Вскоре немцы бежали с перевалов, бросая все на ходу. Обмороженные, деморализованные, они хотели как можно быстрее догнать и присоединиться к своим отступавшим частям, а следом мы ступили на равнинный простор и двинулись пешком через Апшерон, Краснодар на Туапсе. Круг такой были вынуждены дать потому, что немцы перед отходом все туннели в горах заминировали…
– Федор Владимирович, но ведь до Джегуты было рукой подать… Неужели нельзя было отпроситься на денек – другой, чтобы повидаться с отцом и матерью?

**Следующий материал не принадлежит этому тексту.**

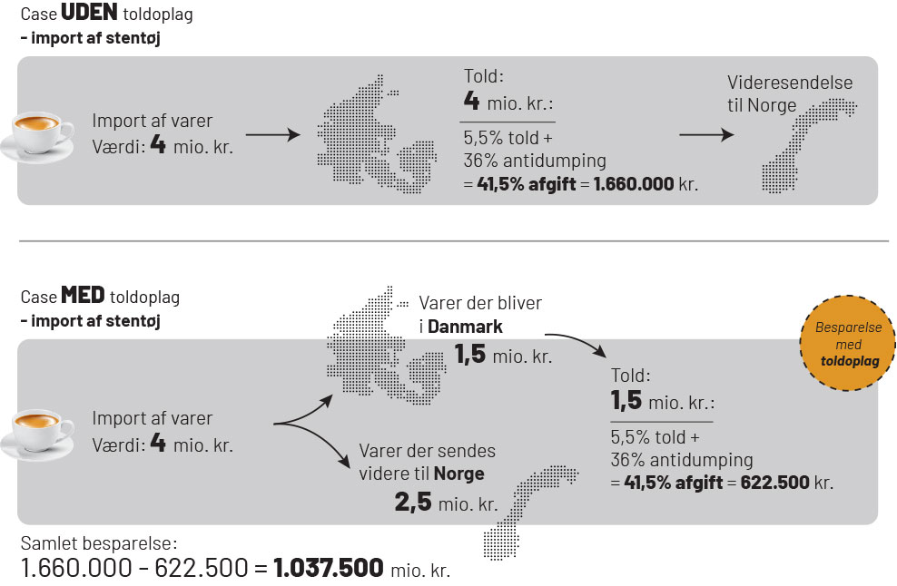 Lad os forestille os, at en dansk virksomhed importerer krus og tallerkener af stentøj for 4 millioner kroner. Der er måske 5,5% told på stentøjet samt 36% i antidumping. Det løber altså op i 41,5% i samlet told.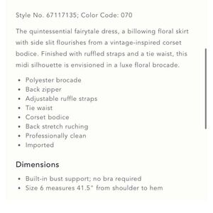 $525 Anthropologie V. Chapman Vera Ruffle Corset Slit Gold Dress Floral 10 Midi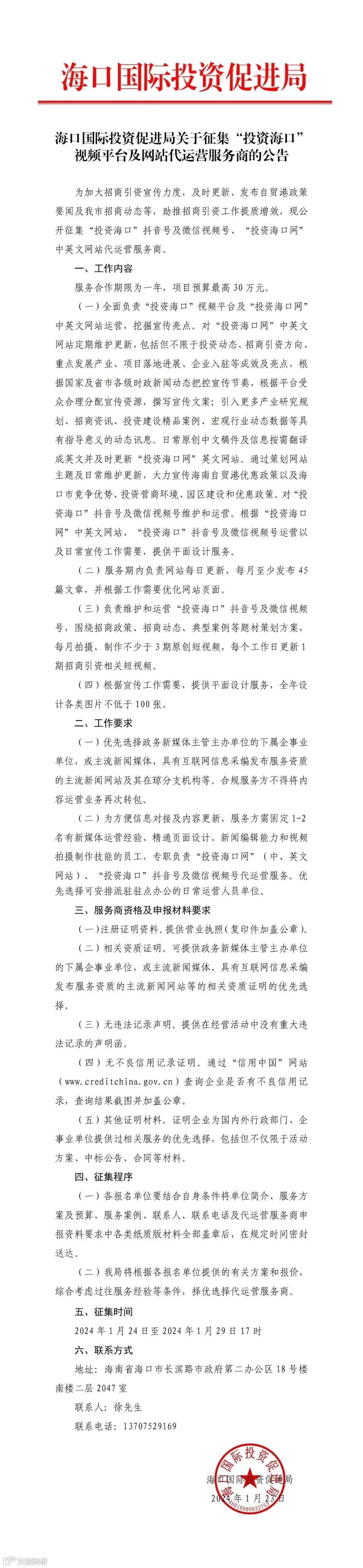 海口国际投资促进局关于征集“投资海口”视频平台及网站代运营服务商的公告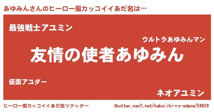 | 男性向けラノベタイトル風あだ名 | 『おまえをオタクにしてやるから、俺をあゆみんにしてくれ! 』 |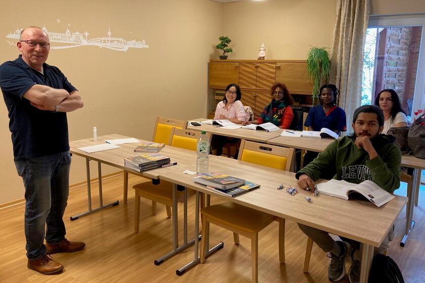 Im Johanniter-Stift Wuppertal absolvieren derzeit 30 Auszubildende ihre Ausbildung, viele von ihnen mit Migrationshintergrund. Um ihnen den Einstieg in den Pflegeberuf zu erleichtern, wird dank der Förderung durch die Johanniter-Stiftung ein spezieller Sprachkurs mit dem Schwerpunkt „Deutsch in der Pflege“ angeboten. Als Dozent konnte Walter Schnatz, eine erfahrene Pflegefachkraft des Hauses, gewonnen werden. Zusätzlich stehen den Teilnehmenden passende Lernmaterialien zur Verfügung, um ihre Sprachkenntnisse gezielt zu verbessern.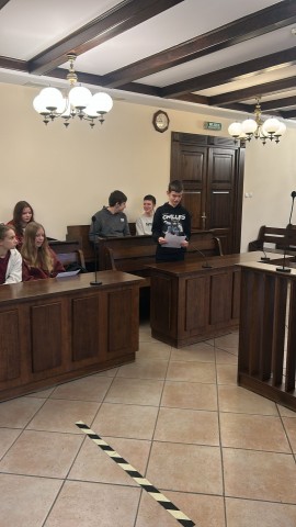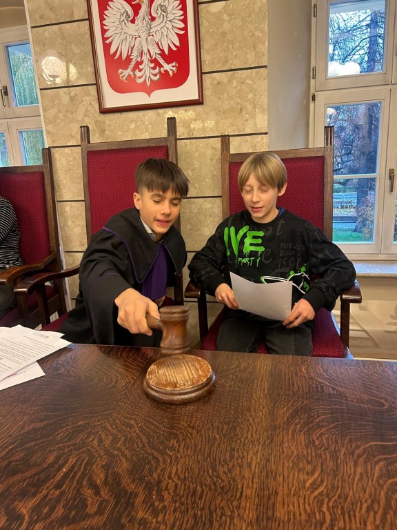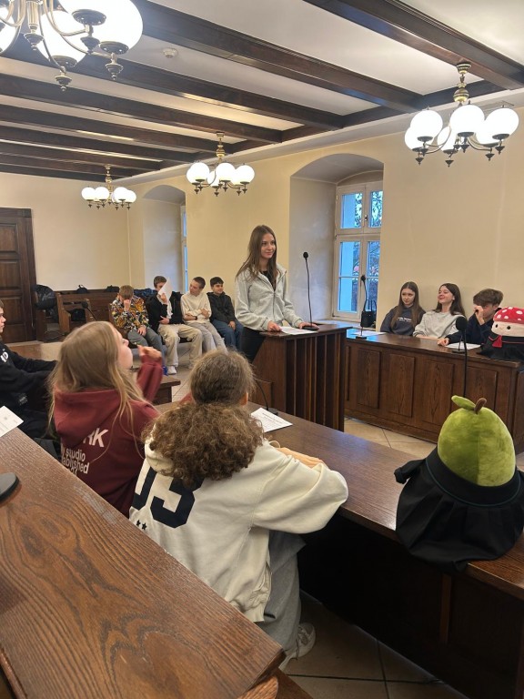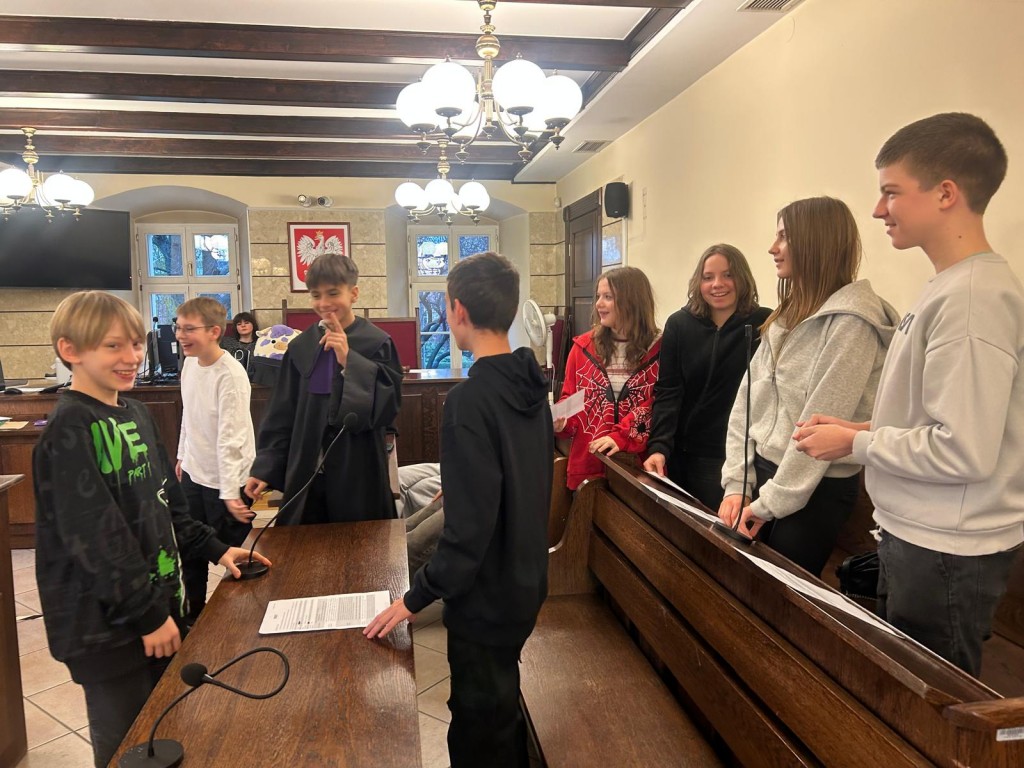 Podczas zajęć uczniowie poznali, jak funkcjonuje system sądownictwa w Polsce oraz jakie etapy obejmuje postępowanie sądowe. Mieli okazję przeanalizować różne sytuacje prawne, a następnie sami wcielili się w role uczestników przykładowej rozprawy.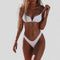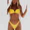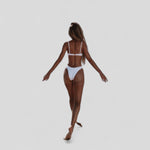Bikini minimalista con escote en V moldeado y tirantes delgados. La parte superior acolchada suavemente ofrece un soporte ligero y forma un escote natural, mientras que la braguita de corte alto alarga visualmente las piernas y resalta una silueta moderna. Perfecto para una aparición elegante en la playa o la piscina.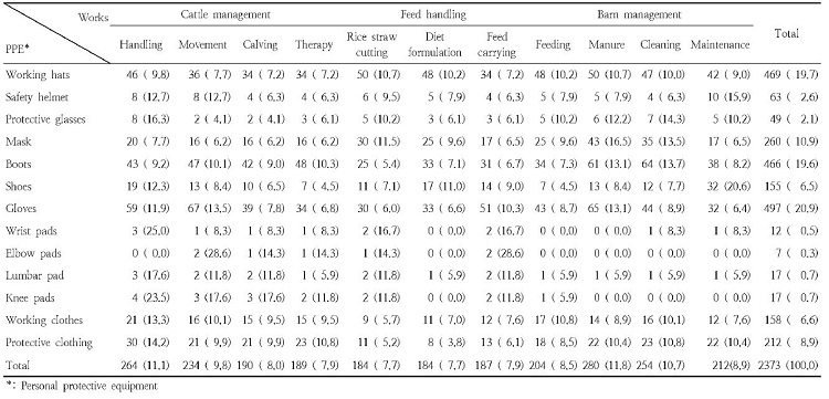 전체적으로 보호구 착용률 현황 조사결과 장갑(20.9%), 작업모(19.7%), 장화(19.6%), 마스크(10.9%), 방역복(8.9%), 전용 작업복(6.6%), 작업화(6.5%) 등의 순위의 착용률을 보였고, 그 밖의 보호구의 착용률은 5% 미만으로 매우 낮을 것으로 나타났다. 장갑의 경우 소 이동(13.5%), 분뇨처리(13.1%), 소 다루기(11.9%) 작업 시에 주로 착용하였고, 전반적 작업에서 대부분 장갑을 착용하는 것으로 조사되었다. 작업모의 경우에도 대부분의 작업에서 착용하고 있으며, 분진이 많이 발생하는 볏짚절단(10.7%) 및 사료배합(10.2%) 작업과 분뇨처리(10.7%) 및 청소작업(10.0%) 시에 착용률이 높았다. 장화의 경우에는 축사청소(13.7%), 분뇨처리(13.1%), 소 치료(10.3%) 작업 등의 가축의 우리 내부 작업 시에 이물질 방오를 위한 착용률이 높았고, 대부분의 작업에서 일상적으로 착용하는 것으로 조사되었다. 마스크 착용은 분뇨처리(16.5%), 분진이 많이 발생하는 축사청소(13.5%), 볏짚절단(11.5%), 사료배합(9.6%) 등 분진이 많이 발생하는 작업 시에 착용하는 것으로 조사되었다. 그리고 방역복은 방역 및 이물질 흡착 및 분진이 많은 환경에서 착용하였고, 작업복은 주요 작업 전반에 착용으로 나타났다. 그리고 주요작업에 따라 착용하는 주요 보호구 현황을 살펴보면 분뇨처리(11.8%), 소 다루기(11.1%), 축사청소(10.7%) 등의 작업에서 대부분의 보호구를 착용하였다. 분뇨처리 및 축사청소의 경우 장갑, 작업모, 장화, 마스크 등의 주요 보호구를 착용하고 있었고, 소 다루기 작업 시에는 장갑과 장화, 방역복 등의 보호구를 착용하는 것으로 나타났다. 그러나 전반적으로 안전화, 눈 보호구, 신체 접촉사고와 관련된 보호패드 등의 착용실태는 매우 낮은 것으로 평가 되었고, 소와의 접촉사고 예방을 위한 보호 장구는 없는 것으로 조사되었다(Table 5).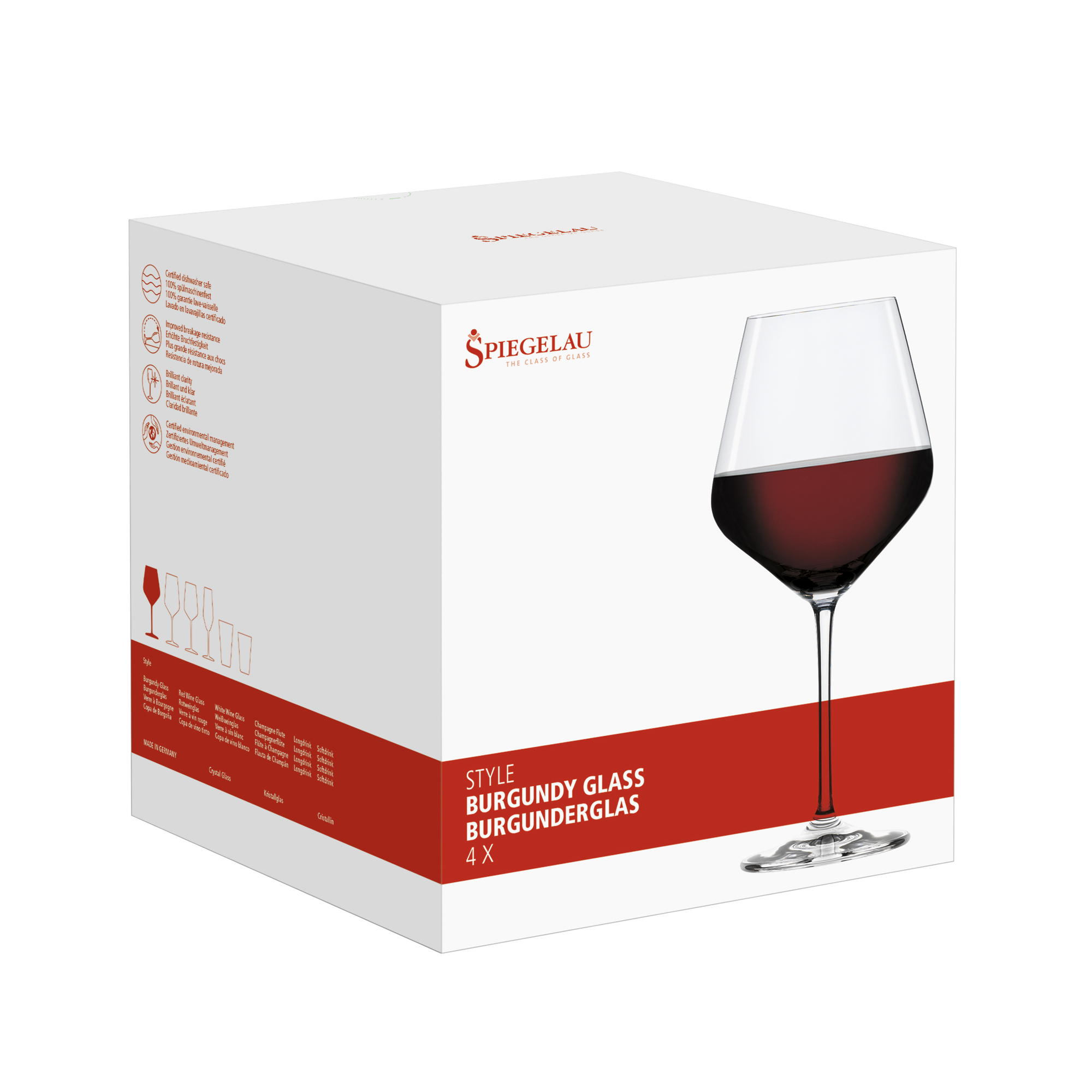 Набор бокалов для Бургундии, 640 мл, 4 шт., прозрачные, бессвинцовый хрусталь, серия Style, Spiegelau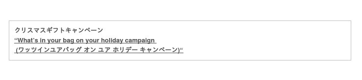 クリスマスという特別なシーズンもAMULETとともにより安心して幸せなひとときを過ごして欲しいという想いを込めて、“What’s in your bag on your holiday campaign (ワッツインユアバッグ オン ユア ホリデー キャンペーン)“と題した期間限定のキャンペーンを実施します。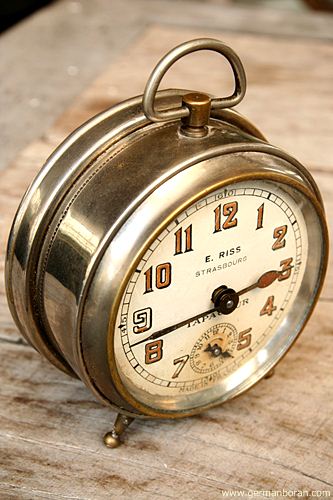 รหัส: C2_35 ข้อมูล: นาฬิกาปลุกไขลานโบราณ Made in France หน้าปัดขนาด 9x9cm. หน้าพิมพ์ชื่อห้างร้านในเมือง Strasbourg รุ่นช่วงต้นศตวรรษ 1900 งามหลายๆ จ้ะ  ;D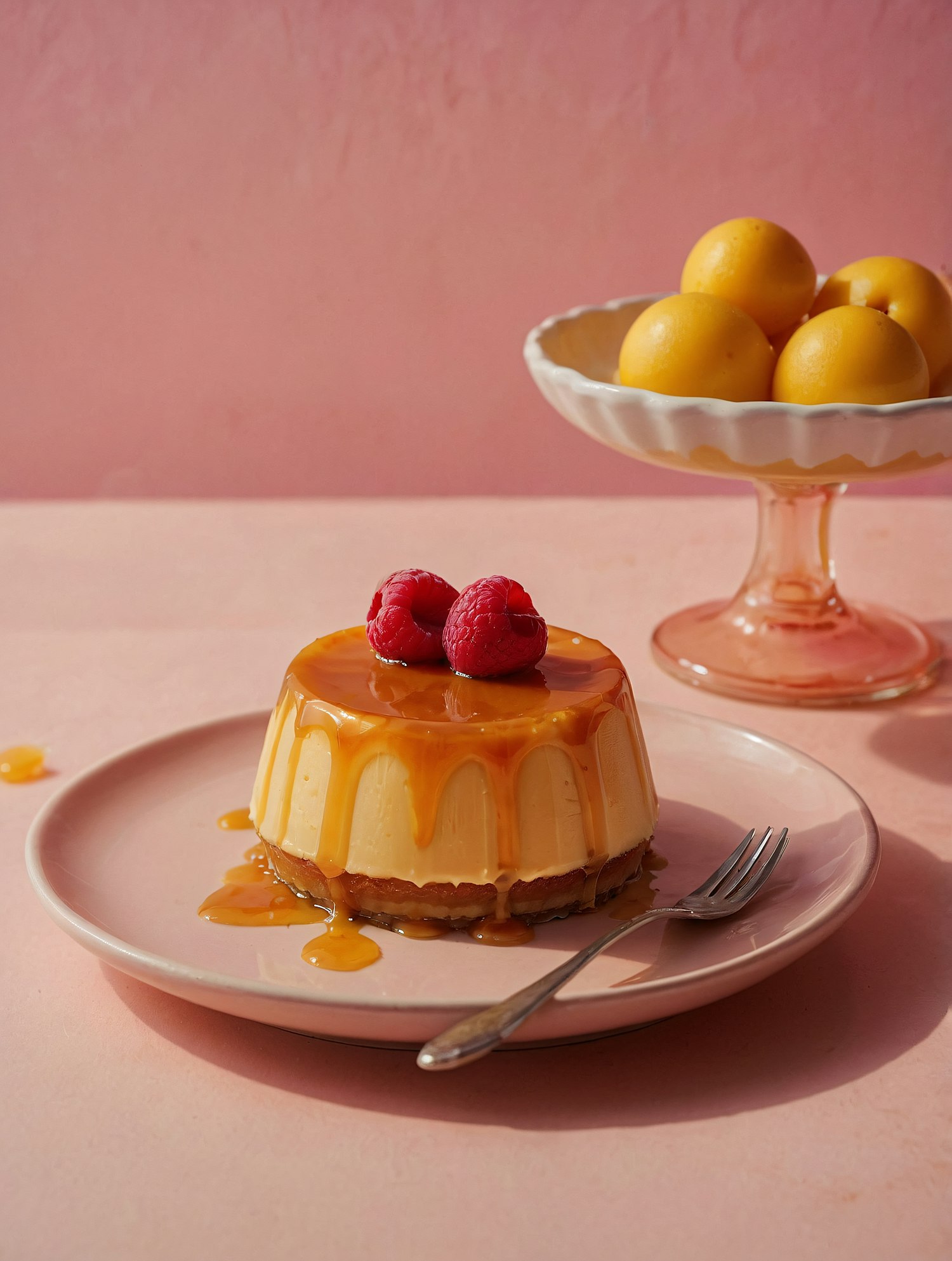 A creamy caramel dessert topped with raspberries on a pink plate, paired with a bowl of yellow plums in a soft pink setting.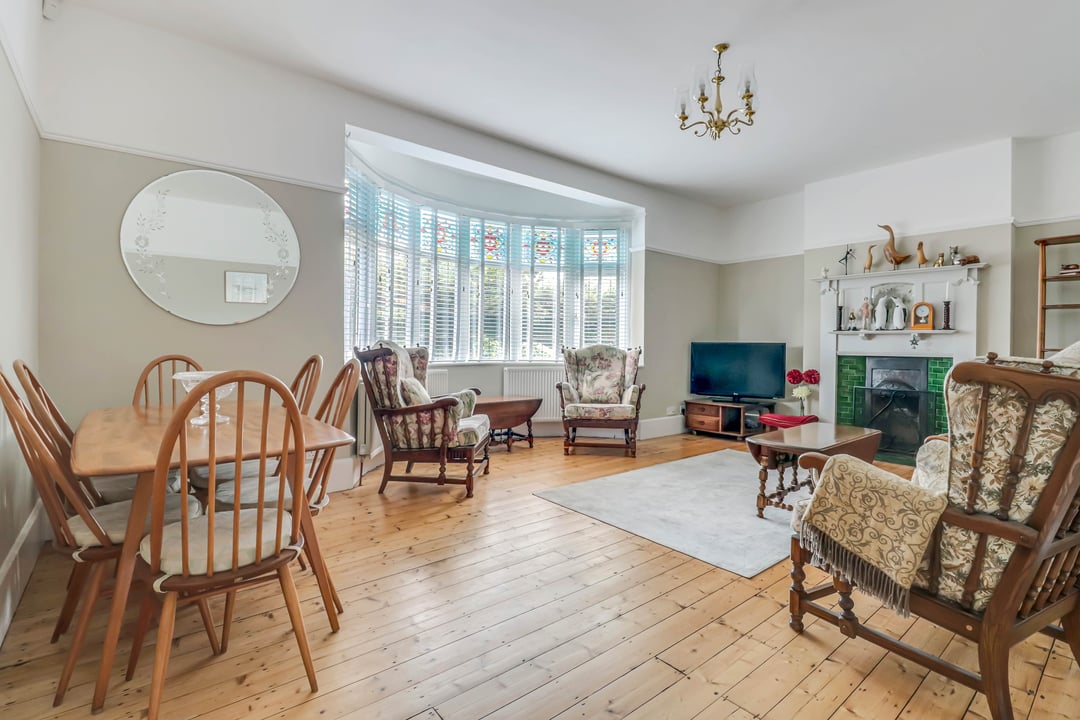 Double glazed bay window to front aspect with stained glass upper sections. Exposed wood floorboards. Feature fireplace.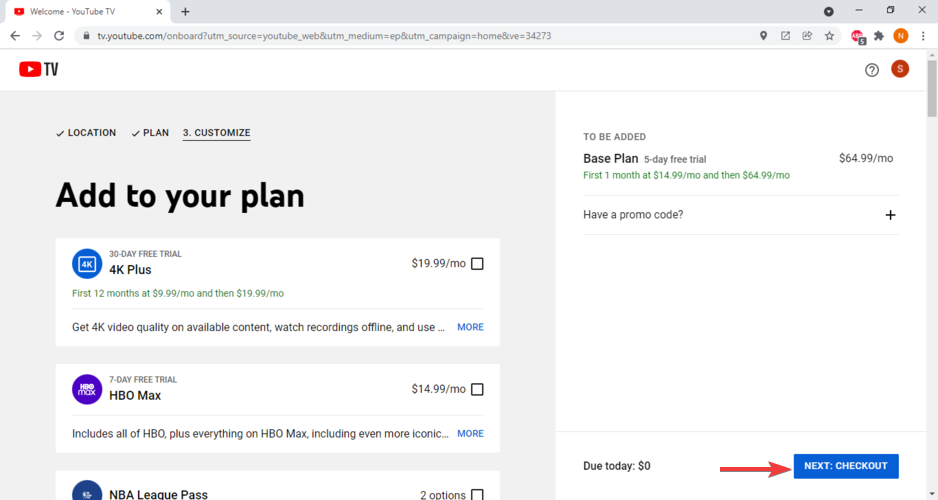 - Customize your plan if you wish, then click on NEXT: CHECKOUT.

– А куда было ехать? В августе 1942 года немцы оккупировали Джегуту. Задержаться в наших краях им не дали, но мне от этого легче не стало. Я не смог бы навестить родных при всем желании, потому как в боях за один из городков Краснодарского края был тяжело контужен и отправлен в госпиталь..
Выписавшись из госпиталя, Федор вновь отправляется на фронт. Участвует в освобождении Днепропетровска, Кривого Рога, Николаева, в прорыве обороны на западном берегу Дуная, в освобождении г. Галац на Дунае, Белграда в Югославии. Его выцветшая гимнастерка уже не вмещает боевых медалей – «За отвагу», «За оборону Кавказа», За Вену»…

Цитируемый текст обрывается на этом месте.